Frank Ellermann wrote:
Paul Smith wrote:
All I can figure out so far is that the expiry of a
message implies it's possibly not quite as important,
urgent or valid to the sender/recipient/some-other-
person as it would have been before it expired.
I'm not sure that's a tight enough definition :)
From a sender's POV "expired" could mean "if you read
this mail later whatever I wanted is not more relevant".
Examples:
"confirm your subscription to list X in the next 3 days"
"special offer valid until 2008-06-30"
"I'm out of office until 2008-07-18"
So, what would you want the recipient MUA to do with these. The
consensus seems to be that they should still receive them - so what
difference does the 'expires' make? Automatically moving them into
another folder when they arrive is nearly the same as automatically
deleting them as far as many users goes! Showing them in grey or another
colour doesn't stop people having to read them to see if they've missed
something important.
"confirm your subscription to list X in the next 3 days" is still
important if you receive it 4 days later. Now you know you need to try
again to get onto the list.
"I'm out of the office until ..." may be important, you may have been
bad-mouthing a contact because they hadn't replied to you earlier, and
now you'll know why
"special offer valid until ..." may still be important from the sender's
point of view as a "buy our wonderful flying car for only $15,000 before
30th July, look how amazing it is..." is still a good advertisement if
it's received on the 1st August, and the recipient may still want it
even though the special offer has expired.

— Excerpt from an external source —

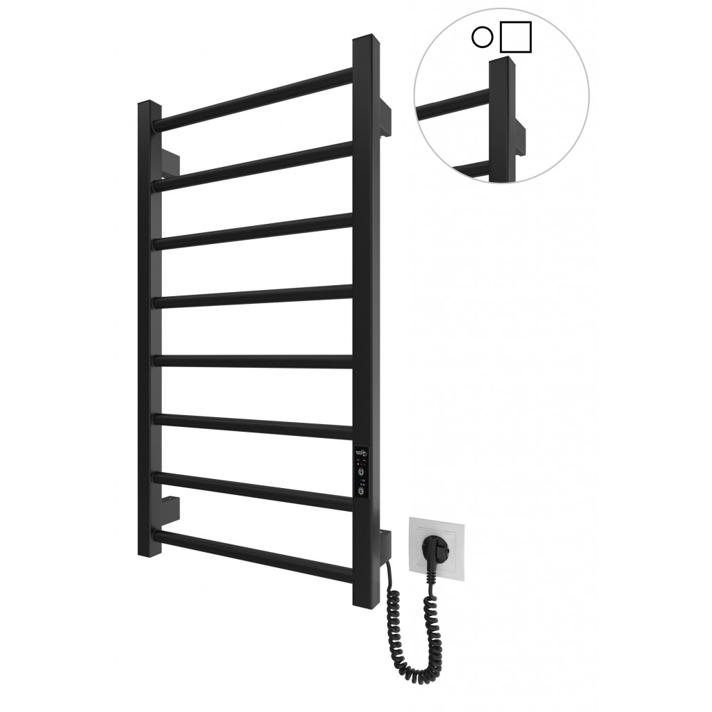 Електрична рушникосушарка HF Leeds 770x430. Працює за технологією сухого ТЕНу. Обладнана вбудованим таймер-регулятором і конектором для підключення до живлення з будь-якого боку. Оснащена комплектом для прихованого підключення. Модель має 8 ребер з круглої труби та стійки з квадратного профілю. Матеріал - чорна сталь з антикорозійною обробкою. Варіанти покриття: чорний мат або білий мат. Температурні режими таймер-регулятора: 40°С, 45°С, 50°С. Час роботи: 3, 6 годин або постійний нагрів. Потужність 100 Вт. Гарантія - 3 роки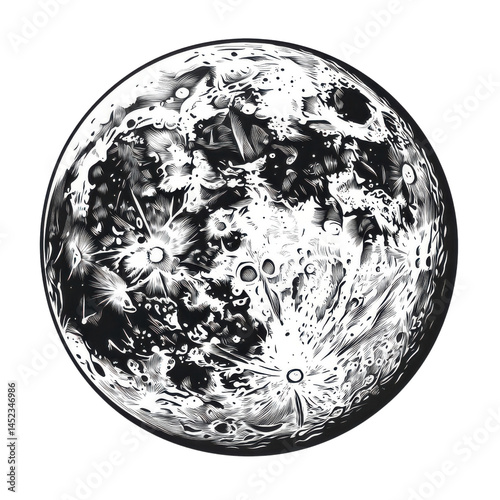 Lunar Surface: A detailed illustration captures the moon's cratered terrain. showcasing the beauty of space.

Good examples apparently require some kind of mailbot
on the sender's side. It is less useful for ordinary
(sending) MUAs, e.g., "happy birthday" with Expires:
makes no sense, or does it ?
No it doesn't. If 'happy birthday' arrived late, you'd still want the
recipient to know you'd thought of them, so in that case 'better late
than never' applies.
'expires' only makes sense (IMV) if it would reduce the mail to be read
by the recipient by getting rid of stuff that's absolutely no use any
more. In that case, it may as well be deleted automatically - but no one
wants that. My problem is that I can't think of anything which is
*absolutely* no use after a certain date (which *would* have been of
some use before that date). So, you'd still need to read expired mail to
see if it's of some use to you - in which case what's the point?